Seminars that teach employees how to handle money are a dime a dozen. The problem is, if you rely on them to meet the needs of your employees, you will get dime-a-dozen results. Studies show that employees who spend more time thinking about their financial troubles tend to be less productive at work and have lower morale, which in turn hurts your company.
The purpose of a wellness program is to help, not hurt. Choosing a high-quality program is the first step in meeting the needs of your employees and your company. Here are five features that the best plan must offer:
1. It Creates Sustainable Behavior Change.

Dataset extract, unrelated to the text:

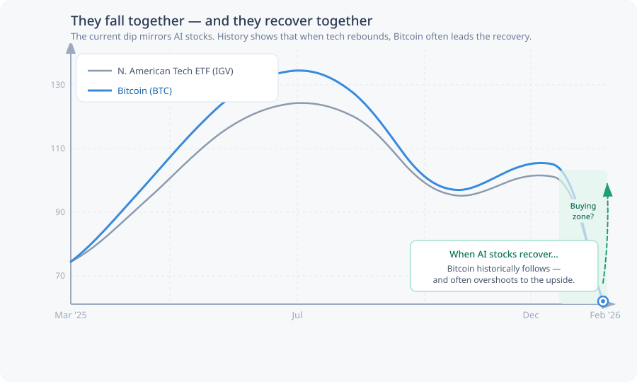 As many smart investors have noticed, Bitcoin and crypto prices are becoming more and more pegged to AI tech stocks like Nvidia and Microsoft.

A successful financial wellness program must be easy to follow and serve your employees over time in order to create lasting behavior change. Not only will a quality program have a proven track record for sustained success, but it will also provide leadership with statistics to show the real difference it's making in employees' lives.
2. It is Scalable.
A good program will meet your employees where they are. Your company may have multiple locations, different shifts or even spouses who would like to participate, making class facilitation a huge challenge. Employees need a program that is available online any hour of the day or night. Since practically all employees have some level of access to the Internet regardless of income level, they can get the information they want at their own pace. A mobile program is the best fit for people's busy and unique schedules. Online programs also provide a much-needed layer of privacy. It's tough enough for someone to talk about a money situation—and almost impossible to get them to do it in a workplace or classroom setting.
3. It Teaches Over Time, Not With a One-Time Seminar.
A 45-minute lunch-and-learn session once a year is not enough financial education for your employees. And, let's be honest, those sessions fly right over their heads. Besides, that level of communication won't lead to any sustained behavior change for them. The program should offer material that helps them learn over time so they can form good money habits. Someone who is in the midst of paying off debt won't be interested in investing, but if they can go back and reference the material when they are out of debt and ready to build their nest egg, they are better served.
4. It is Personalized for the Employee.
People have different needs depending on where they are in life (just starting out, getting married, having a child, or nearing retirement). A good wellness package addresses that person's specific needs and helps them where they are, rather than just offering blanket answers.
5. It Should be Offered to Everyone.
If you only offer a financial wellness program to employees who want it, the guilt and shame may drive away those who need it the most. When you offer it to all employees, as you would other benefits, participation rates and ROI substantially increase. It may even cost less to provide the program to all employees because of different pricing structures for companywide initiatives.
The power to select the program that will bring success to your employees is in your hands. The result will be felt by your entire company for years to come.